Troubleshooting network performance

Overview

Azure provides a stable and fast way to connect your on-premises network to Azure. Methods like Site-to-Site VPN and ExpressRoute are successfully used by customers of all sizes to run their businesses in Azure. But what happens when performance doesn't meet your expectations or previous experience? This article can help standardize the way you test and baseline your specific environment.

You will learn how to easily and consistently test network latency and bandwidth between two hosts. You will also receive advice on ways to look at the Azure network to help isolate problem points. The PowerShell script and tools discussed require two hosts on the network (at either end of the link being tested). One host must be a Windows Server or Desktop, and the other can be either Windows or Linux.

Network components

Before digging into troubleshooting, let's discuss some common terms and components. This discussion ensures we're thinking about each component in the end-to-end chain that enables connectivity in Azure.

Diagram of a network routing domain between on-premises to Azure using ExpressRoute or VPN.

At the highest level, there are three major network routing domains:

  • The Azure network (blue cloud)
  • The Internet or WAN (green cloud)
  • The Corporate Network (orange cloud)

Looking at the diagram from right to left, let's briefly discuss each component:

  • Virtual Machine - The server might have multiple NICs. Ensure any static routes, default routes, and Operating System settings are sending and receiving traffic the way you think it is. Also, each VM SKU has a bandwidth restriction. If you're using a smaller VM SKU, your traffic is limited by the bandwidth available to the NIC. We recommend using a DS5v2 for testing to ensure adequate bandwidth at the VM.

  • NIC - Ensure you know the private IP that is assigned to the NIC in question.

  • NIC NSG - There might be specific NSGs applied at the NIC level. Ensure the NSG rule-set is appropriate for the traffic you're trying to pass. For example, ensure ports 5201 for iPerf, 3389 for RDP, or 22 for SSH are open to allow test traffic to pass.

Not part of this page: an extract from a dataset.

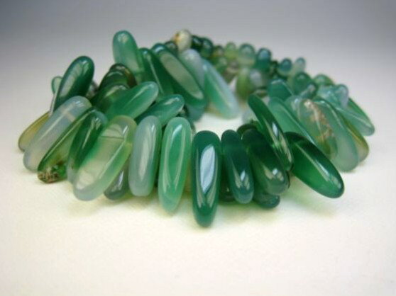 【連売り商品】 グリーンアゲート(緑メノウ) ☆商品情報☆ 縦:約12-22mm 幅:約5-7mm 厚さ:約3-6mm 粒数:約75粒 長さ:約40cm 原産地:ブラジル ※形状やサイズのばらつき、表面や穴周りにキズや凹み等があります。また、割れ欠け、別種の石等が含まれる場合もあります。粒数はあくまで目安です。多少の誤差がありますのでご了承ください。色味や模様等のご指定はできませんのでご了承ください。 ※照明等の関係で実際の色とは多...[詳細を見る]

  • VNet Subnet - The NIC is assigned to a specific subnet. Ensure you know which one and the rules associated with that subnet.

  • Subnet NSG - Just like the NIC, NSGs can be applied at the subnet level as well. Ensure the NSG rule-set is appropriate for the traffic you're trying to pass. For traffic inbound to the NIC, the subnet NSG applies first, then the NIC NSG. When traffic is going outbound from the VM, the NIC NSG applies first, then the Subnet NSG is applied.

  • Subnet UDR - User-Defined Routes can direct traffic to an intermediate hop (like a firewall or load-balancer). Ensure you know if there's a UDR in place for your traffic. If so, understand where it goes and what that next hop will do to your traffic. For example, a firewall could pass some traffic and deny other traffic between the same two hosts.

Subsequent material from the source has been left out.